11. Comments on Proposed Decision

The proposed decision of the assigned Commissioner in this matter was mailed to the parties in accordance with Section 311 of the Public Utilities Code and comments were allowed under Rule 14.3 of the Commission's Rules of Practice and Procedure. Comments were filed on June 30, 2008 by BOMA, CLECA, CMTA, DRA, EPUC, Ice Energy, PG&E, SDG&E, and TURN. Reply comments were filed on July 7, 2008 by PG&E, SCE, SDG&E, and TURN.

The following discussion addresses parties' comments that identified factual, legal, or technical errors in the proposed decision. Comments that merely reargue prior comments have been accorded no weight.

PG&E requested several changes to the timetable to allow more time for customer education and billing system upgrades.137 In response, the timetable adopted by the decision has been changed in several respects so that PG&E has additional time to prepare its filings and additional time after Commission decisions and prior to rates going into effect for customer education and billing system upgrades.

Specifically, the requirement that PG&E file a proposal to revise its large customer CPP rate 30 days after adoption of the decision has been eliminated. Instead PG&E will be required to revise the rate when it files default CPP rates for large C&I customers. Also, the effective dates that PG&E is to propose for default CPP for medium C&I and default TOU for small and medium agricultural customers have been moved from 2010 to 2011 to give the utility more time for system upgrades and customer education. Other related changes have also been made.

A new section has been added addressing PG&E's comments related to incremental costs to implement dynamic pricing and recommending an appropriate process for PG&E to seek cost recovery.

PG&E and DRA argue against requiring PG&E to address changes to the large customer meter roll-out in A.07-12-009, the Smart Meter Upgrade application. PG&E says that it would need to spend money in the near-term and cannot wait for a decision in A.07-12-009 before starting work.138 DRA is concerned that adding additional issues and costs to the proceeding could delay it.139 We continue to believe that A.07-12-009 is the appropriate forum to address changes to the advance metering roll-out. We will authorize PG&E to record expenditures it incurs prior to a decision in A.07-12-009 in a memorandum account and to seek recovery in A.07-12-009.

BOMA and CLECA requested that the Commission direct PG&E to offer customers tools so that customers can determine bill impacts.140 We agree that PG&E should provide customers such tools so that customers understand the implications of different rates, so we have added that requirement.

CMTA asks the Commission to establish a timeline to ensure that PG&E puts in place the necessary communications systems to support RTP in 2011. We have added the requirement that PG&E include a timeline in its 2011 GRC Phase 2 application.

CLECA and PG&E ask the Commission to pay special attention to the interactions between default dynamic pricing and interruptible and other demand response programs.141 We agree that the relationship between dynamic pricing and demand response programs requires special attention and recommend that PG&E and other parties address this relationship in the specific dynamic pricing rate design applications.

BOMA, CLECA, and EPUC argue that residential customers should not be offered a flat rate as an option after the AB1X rate protections have been lifted.142 We believe it is premature to address whether a non-time differentiated rate should be an option for residential customers after the AB1X rate protections are gone.
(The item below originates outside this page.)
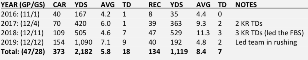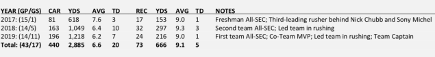 It’s pretty clear he’s agile and makes a lot of dudes miss once he has the ball in his hands. He’s going to be an asset in the passing game and has great vision. While it’s great he only had 440 carries in college (Jonathan Taylor had 926), I am slightly concerned that Swift was dinged up quite frequently in college. Nothing that ever really kept him out of play, but enough nagging issues to limit his effectiveness. He only had six carries in his final two college games because of a nagging shoulder injury.

Therefore, we have removed the requirement that PG&E propose a flat rate as an option for residential customers after the AB1X rate protections have been lifted.

TURN recommends that the Commission pay greater attention to the connection between rates and actual procurement costs. According to TURN, if the Commission adopts policies that emphasize rates linked to spot prices while procurement is focused on longer time horizons, the utility could experience significant revenue balancing challenges.143 We agree that the relationship between retail rates and procurement policy requires further attention. One of the policy goals of this decision is to more closely link rates and costs, but this decision is just a first step. For example, if the Commission adopts default dynamic pricing rates, we will learn more about individual customers' risk preferences and preferred rate structures. These customer choices could in turn influence the Commission's and utilities' procurement policies. However, we are not convinced that dynamic pricing will lead to larger revenue imbalances than the current rate structures that also result in large under- and over-collections due to the regulatory lag between changes in costs and retail rates.

The discussion, findings of fact, conclusions of law and ordering paragraphs have been changed consistent with the discussion in this section. Other clarifying edits have also been made.

137 PG&E Opening Comments on Proposed Decision, pp. 6-9.

138 PG&E Opening Comments on Proposed Decision, p. 7.

139 DRA Opening Comments on Proposed Decision, pp. 1-2

140 BOMA Opening Comments on Proposed Decision, p. 4; CLECA Opening Comments on Proposed Decision, pp. 1-2.

141 CLECA Opening Comments on Proposed Decision, pp. 4-5; PG&E Opening Comments on Proposed Decision, p. 5.

142 BOMA Opening Comments on Proposed Decision, p. 8; CLECA Opening Comments on Proposed Decision, p. 3; EPUC Opening Comments on Proposed Decision, p. 8.

143 TURN Opening Comments on Proposed Decision, pp. 3-4.